Three Mennonite poets : poetry by Jean Janzen, U.S.A., Yorifumi Yaguchi, Japan, David Waltner-Toews, Canada
معرفی کتاب «Three Mennonite poets : poetry by Jean Janzen, U.S.A., Yorifumi Yaguchi, Japan, David Waltner-Toews, Canada» نوشتهٔ by Jean Janzen, Yorifumi Yaguchi, David Waltner-Toews، منتشرشده توسط نشر Skyhorse Publishing Company در سال 1986. این کتاب در فرمت epub، زبان انگلیسی ارائه شده است.
Why publish a collection of this sort?
Poetry as an artistic endeavor has been scarce among Mennonite people through the centuries. This may be because of their conscious separation from the larger world, or their struggle as an immigrant people, or a general suspicion of the arts held by many members of the groups.
The three poets in this collection are among the finest in the Mennonite peoplehood worldwide, today. The tension between their lives, their particular cultures, and their yearnings has resulted in poetry rich in imagery and full of conviction.
What common themes might a woman from California, a man from eastern Canada, and another from Japan express? Perhaps most basic is an honesty, a bare-bones truthfulness, a disdain for pretense that threads through all the poems. There is also in each a sense of design in which the individual is part of a community -- a family, or a tribe, or a people. The cultivation of that embrace is life; the loss of it is crippling, and sometimes even death.
One hears, as well, a wish for peace -- with one's spouse, one's past, with all the "beasts" that beset us, both within and without. These poems reach for justice -- for both children and Grandpas who are victims, for the misunderstood who can't defend their behavior, for those alive only in our memories who can no longer explain their actions.
Jean Janzen was born December 5, 1933, in Saskatchewan, Canada, to Henry Peter Wiebe and Anna Schultz Wiebe, the seventh child in a family of eight. Her father was a schoolteacher who became a pastor, for which reason they moved to Minnesota in 1939. Her school years were spent in Minnesota and Kansas.
She graduated from Fresno Pacific College with a BA in English and received her Masters in English-Creative Writing from California State University in Fresno where she studied with poets Peter Everwine, Philip Levine, and C. G. Hanzlicek.
Her first collection of poems, Words for the Silence (Center for Mennonite Brethren Studies), was published in 1984. Her work is included in a forthcoming anthology, Piece Work, Nineteen Fresno Poets (Silver Skates Publishing, Albany, California). She has also been published by various literary and Christian journals, such as Berkeley Poetry Review, Poet Lore, Quarry West, Radix, Yankee, Festival Quarterly, Christianity and Literature, Christian Century, Mennonite Life, and The Christian Leader.

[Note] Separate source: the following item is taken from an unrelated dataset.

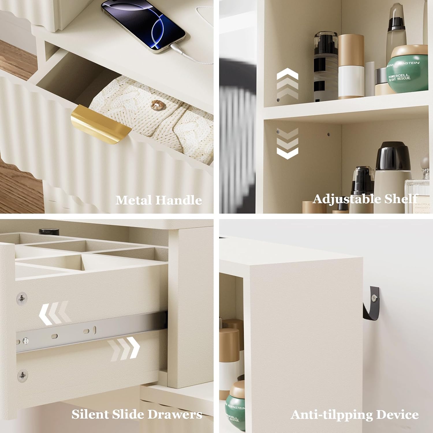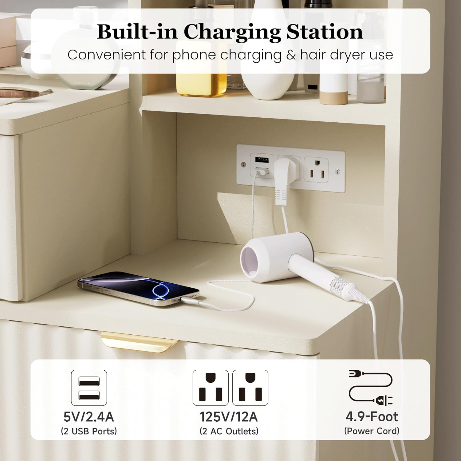 【Vanity Desk with Charging Station】This vanity comes equipped with a built-in power outlet featuring 2 standard sockets and 2 USB ports—perfect for charging your phone or powering beauty tools like hair dryers and curling irons. Keep everything organized and within reach to streamline your daily routine

Jean's husband Louis is a pediatrician in private practice. She has two sons, two daughters, three children-in-law, and a grandson. She also teaches piano and is minister of worship at the College Community Mennonite Brethren Church in Clovis, California.
About Yorifumi Yaguchi
Yorifumi Yaguchi was born November 1, 1932 in Ishinomaki, Miyagi Prefecture, Japan. He graduated from Tohoku Gakuin University with a B.A. in English, from International Christian University with an M.A. in Education, and from Goshen Biblical Seminary with a B.D. in theology.
He spent one year as American Council of Learned Societies Visiting Scholar at the State University of New York, Buffalo, and recently taught a semester at Shenyang, China. Yaguchi is presently professor of American poetry in the literature department of Hokusei Gakuen College.
With his Christian faith as its foundation, Yoguchi writes poetry in both English and Japanese. He has published two collections of English poems, A Shadow and How to Eat Loaches, plus five volumes of Japanese poetry, some of which has been translated. His work has also appeared in poetry magazines in England, Australia, India, and in the U.S.A.
Yaguchi and his wife Mitsuko live in Sapporo, Hokkaido, with sons Yobu and Yujin. Yaguchi is lay pastor of the Shalom Mennonite Church.
About David Waltner-Toews
David Waltner-Toews was born May 29, 1948, in Manitoba, Canada, to Russian-born Mennonite parents. He was educated first as a writer, then as a veterinarian, and most recently as an epidemiologist. Currently David is working as a veterinary epidemiologist in Indonesia, while continuing to write essays, poetry, and fiction.
He has been published in Canadian magazines and journals (he was a regular contributor to Harrowsmith magazine), and anthologized in Canada, the United States, Great Britain, and East Germany. Three collections of his poetry have appeared: That Inescapable Animal (Pinchpenny Press, Goshen (Indiana) College, 1974), The Earth is One Body (Turnstone Press, Winnipeg, 1979), and Good Housekeeping (Turnstone Press, Winnipeg, 1983).
David and his wife, Kathy, have two children. David is a member of the Rockway Mennonite Church, Kitchener, Ontario.